I move through the garden, my breath shallow, my steps slow, heavy, but purposeful. I find the Monster in the library, its long fingers tracing the spines of the books.
I feel my voice catch in my throat as I force the words out.
“You did something to him, didn’t you?”
The Monster’s fingers still for a moment. Then it raises its gaze slowly, its eyes gold, unfathomable. It’s clear as day, looking at the rage and grief sitting on my chest.
“What do you mean, Agnes?” The Monster’s voice is a low hum, almost gentle, but there’s a thickness to it that I can’t ignore.
I hold the brooch tighter, the cool metal biting into my palm.
“His brooch,” I say, my voice tight. “I found it at the altar.”
For a moment, the Monster simply stands there, its presence filling the space like a shadow that refuses to leave.

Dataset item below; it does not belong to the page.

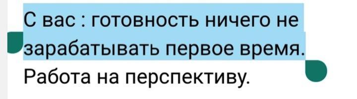 То есть первое время платить не будут. Как бы на перспективу. Опыт подобных историй показывает, что "второго времени" и зарплаты тоже не будет – тётка уволит оператора по надуманной причине и возьмет нового бесплатного дурачка. Это обычная история со "стажерами", которым якобы дают уникальную возможность бесплатно пахать на крутую компанию ради строчки в резюме. Но этот случай – такое себе...
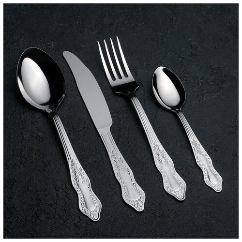 Набор столовых приборов «Славяна», 24 предмета, толщина 1,2 мм, цвет серебряный

I can feel the weight of its gaze on me, its judgement settling like dust in the air.
“Some threads are meant to be cut, Agnes. Some people—some souls—are meant to stay in the dark,” the Monster says, its voice low and filled with something I can’t quite name.”
My pulse pounds in my ears. The Monster’s words are like poison, slipping into the cracks of my heart and twisting it, making it bleed even more.
“Why?” I whisper.
It sighs, then trails a long finger along the edge of the nearest shelf.
“You have your path, Agnes,” it says. “It was always meant to be this way. There is no place for him in your world.”
“Eli made me believe that perhaps there was more to the world than just fate and the endless weave of magic,” I say, my voice low. “But it’s exactly that. Poisonous and endless.”
The Monster’s eyes narrow, something flickering in them—anger, regret, or something entirely different. “You don’t understand. The threads of fate are not kind. They pull and tear, leaving nothing but destruction in their wake. I’m protecting you. You can’t see it, but I can. It’s better this way. For you.”
I stand there, frozen, the brooch in my hand as heavy as lead.
“I will never forgive you,” I say. My voice is so low I’m not even sure it’s mine. “For taking him from me. And I’ll never forget. Not him. And not you.” I storm out of the room before the tears can fall. Not only because I know they will never stop—but because I will never trust anyone else to see them.
CHAPTER TWENTY-NINE
ELODIE
The roar of Declan’s engine echoed long after the red Ferrari vanished down the drive, under the arbour of trees. I stood for a moment beneath the moon-soaked archway of Thornhill, the chill clinging to my skin like a second coat.
Alistair was already waiting with the door open, his face as still as ever. He didn’t say a word as I passed him, but I felt his gaze press lightly against my back, like the brush of cobwebs. Inside, the manor was quiet. Not the comforting hush of rest, but a silence that listened.
I climbed the stairs slowly, each step a dull drumbeat of exhaustion. The weight of the night draped heavy over my shoulders, pressing into the hollow of my chest. Questions swirled like smoke—about Declan, about Varden, about Lilian and my mum, about the boy in the tunnels and the rotting sheep?—
I didn’t have the strength to chase them anymore.
All I wanted was the warm solitude of my room. A bath. A blanket. Maybe silence that wasn’t quite so sharp.
But when I opened my bedroom door, Myra sat on the edge of the bed with a book on her lap, her fingers tangling between the pages and her face hidden by a curtain of caramel coloured curls. The quiet I had longed for vanished. As if sensing my arrival, she looked up at me, blinked once, then closed the book with a soft snap, her eyes wide like a scared fawn’s.
“I thought you’d be back later,” she said, as though it would excuse her presence. I lingered in the doorway, my hand still on the knob, unsure whether to enter or turn back around. “I’m sorry,” she added more quietly, standing with the faint flicker of guilt in her eyes. “I was only curious about the book. I didn’t touch anything else.”
I stepped into the room but remained silent. It felt wrong, violating, finding her there.
“I only read the tales,” she went on. “The one with the death—it was a bit sharp, wasn’t it? Sudden, I mean.”
I loosened my scarf from around my neck, my fingers stiff as I draped it over the chair at my desk. I remembered the one she was talking about. Where the Girl Inked with Magic had taken fate into her own hands and killed the Monster after it had viciously killed the man she loved. Another tale that reminded me of Agnes’ story in theTome of Fates.
“I think it was real,” I said at last, my voice thin. “Her revenge felt honest.”